I did misread. It has been a rough day. I hope everything goes well with them.


----------



## raindear (Mar 3, 2015)

WolfPuppy said:


> I'm going to have to disagree with the others here because I have closer experience with this breeder's rats and I know how well-socialized they are. These rats will be about five weeks old and were handled from day one. They are already socialized. These are just my opinions so no offense to anyone!
> 
> Honestly, try thinking of your new baby rats like puppies. When you brought a puppy home,would you open up the crate, wait for him to come out of his own accord, watch as he explores your house, and then coax him back into the crate? No - you would interact with him - cuddling him, petting him, playing with him, talking to him...helping him get to know you. The same thing applies here. Sure, you can spend your time with them in the Master Bathroom at first just in case one escapes. But don't just watch as they climb all over the counters. They shouldn't really be leaving your body much at all. Hold them, stroke them, let them crawl up your arms and try putting them on your shoulders. And talk to them the whole time. Call them by their names so they come to learn your voice and what you call them.
> 
> ...


Can't believe we didn't say this. I think it goes without saying. Of course, play with your new babies.
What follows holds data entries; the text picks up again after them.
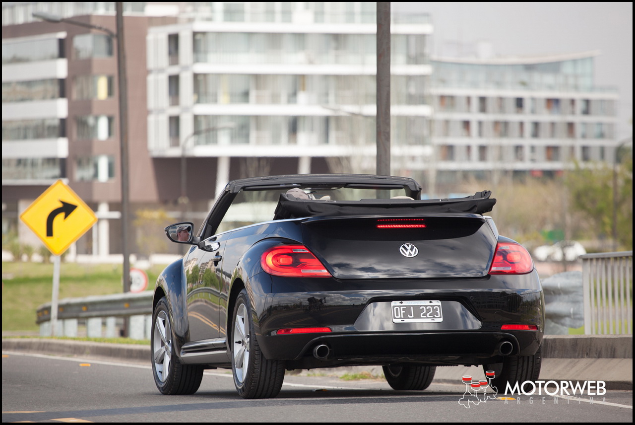 Con la capota y los vidrios cerrados, la sensación es más contenida y nos da la impresión de menor distracción, si es que nos empeñamos en una conducción veloz. Pero, si nos encontramos con una calzada ondulada nos daremos cuenta que al auto le falta el techo metalizo como contrapunto estructural en su rigidez. Si bien se lo nota solido y sin vicios en el asfalto sano, cuando el piso se torna irregular, este Beetle, como cualquier otro descapotable de 4 plazas, nos recuerda su condición de auto abierto. En líneas generales, buena aislación de la capota cuando esta cerrada, y aunque si bien no es tan hermético como un auto de casco enterizo, nos pareció mejor que otros convertibles que manejamos últimamente, tanto a nivel ruidos como a nivel temperatura.
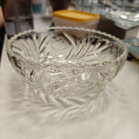 Lasinen kirkas tarjoilukulho esim. salaatille, pastalle yms. Korkeus 15 cm, halkaisija 28 cm.
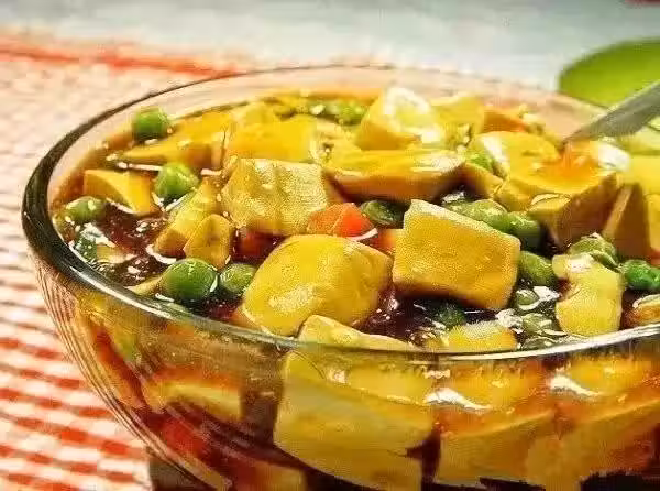 豆腐一塊半,豌豆、胡蘿蔔丁少許,味素、花椒水、醬油、白糖各少許
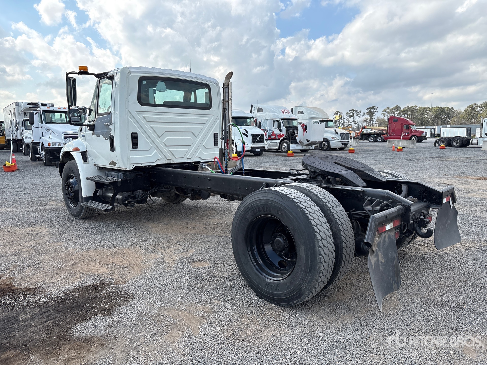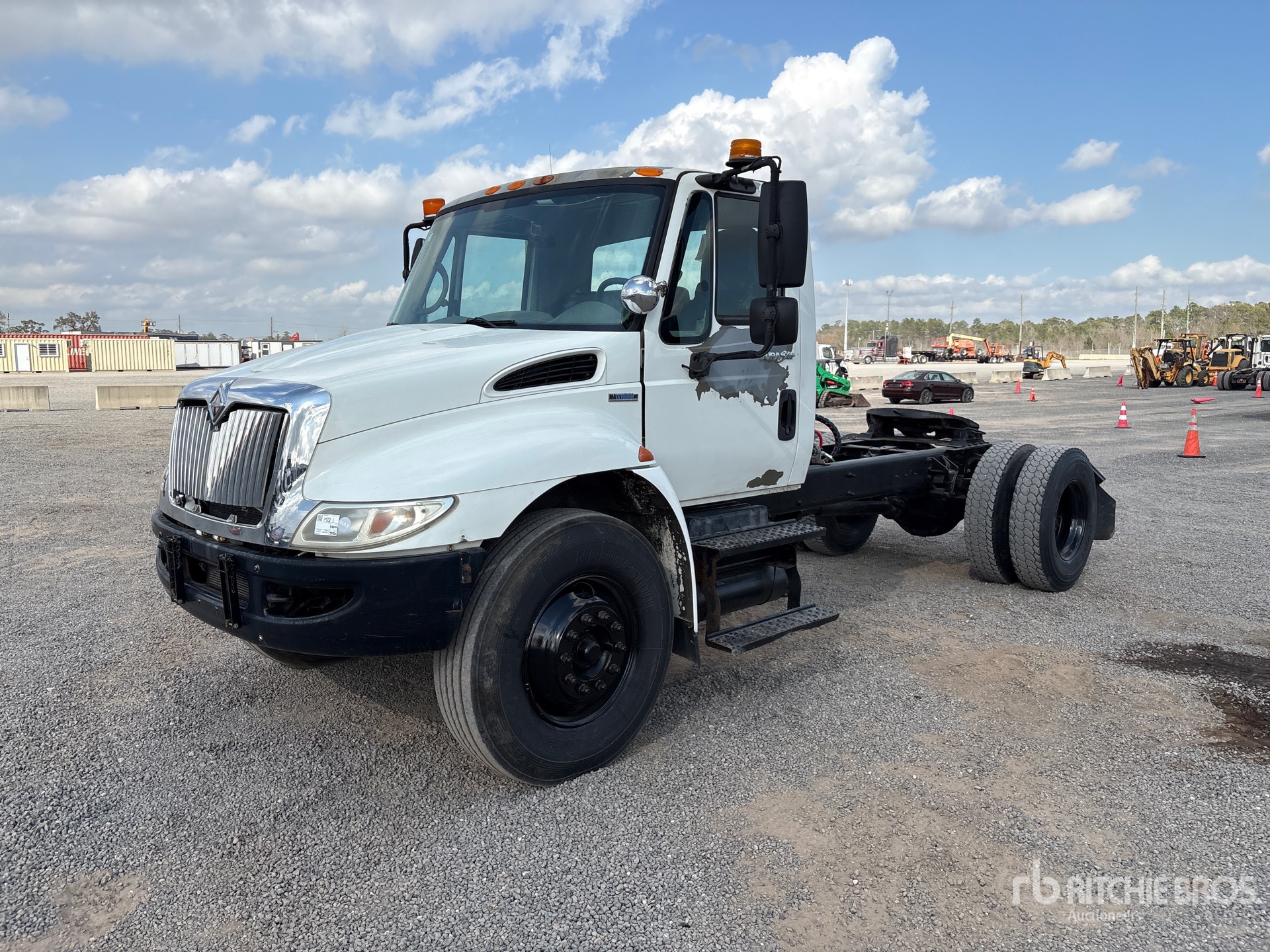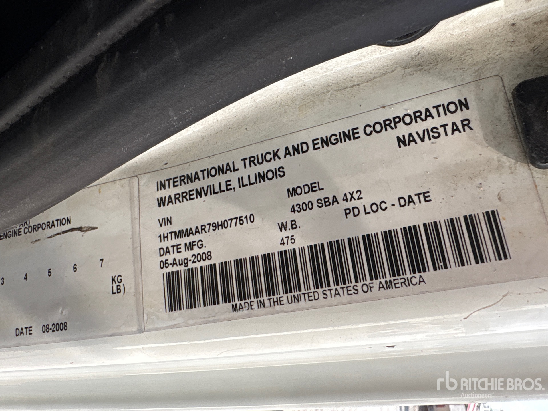 International MaxxForce DT 7.6 L Diesel 255 hp Engine, 2008 US EPA Label, 6379 Engine hrs, Allison Automated Transmission, 14000 lb Front Axle, 23000 lb Rears, 37000 lb GVWR, 12R22.5, Spring Suspension, 211 in Wheelbase, 121 in Cab to Axle, 156 in Cab to End of Frame, Ringfeder

Cuddle, kiss, scritch, and play, play, play.


----------



## Tedology (Mar 3, 2015)

Thank you all for your reassuring words and great advice. 

If I could, I'd give you each a blue bubblegum cigar in honor of my new fatherhood!


----------



## Minky (Apr 4, 2013)

I recently got a new baby who came from a very well socialized litter. I let her chill in her cage overnight to establish some personal space. I talked to her softly and let her sniff my hand so she could see that I was friendly. Then I ~gently~ (but firmly, not to let her wiggle away) scooped her up, and put her on my shoulder so the fun could begin. To think about it from the rat's point of view, I wanted to gently expand her world. So first she got to know the cage, then my hand, then my shoulder. . . Now that she is familiar with me and knows that my shoulder is the "safety zone" I'm letting her explore small areas, like bookshelves and the top of the bed. She is way too small to be running around the house at this point. Once she reliably answers to her name, and she's a little bigger I'll start letting her free range a little. She's warmed up to me so quickly - it's just been six days and she's already running up my arm to my shoulder when she wants to snuggle or play. She's also trained ME to let give her bathroom breaks from time to time. Rats are smart little creatures. Hope some of this is helpful to you!


----------



## Tedology (Mar 3, 2015)

It's VERY helpful...thanks, Minky! 

I brought the boys home and brought them into the bathroom to bond with me. (My mom also happened to be there). They didn't bite me (I was happy about that) and Oliver pooled in my hand (4 times...hope that's nothing to worry about) and Barry followed suit and peed.  I guess I'm theirs, now. 

Right now I'm going out and they're just resting in their HUGE DCN (I closed off the top part...to keep their "world" smaller for now) so I hope they will find the water if they get thirsty!


----------



## Minky (Apr 4, 2013)

You may want to show them where the water is. I figured mine would find the water bottle on her own, but I don't think she felt confident enough to go exploring and she barely drank for 24 hours - just the water I gave her from a syringe. I eventually moved the bottle to where she made her nest, and I never saw a rat drink so much!


----------



## Tedology (Mar 3, 2015)

I did try to show one where the water is, but he jumped off the lava ledge.

This morning, when I woke up, the water was lower, so I figure they drank some.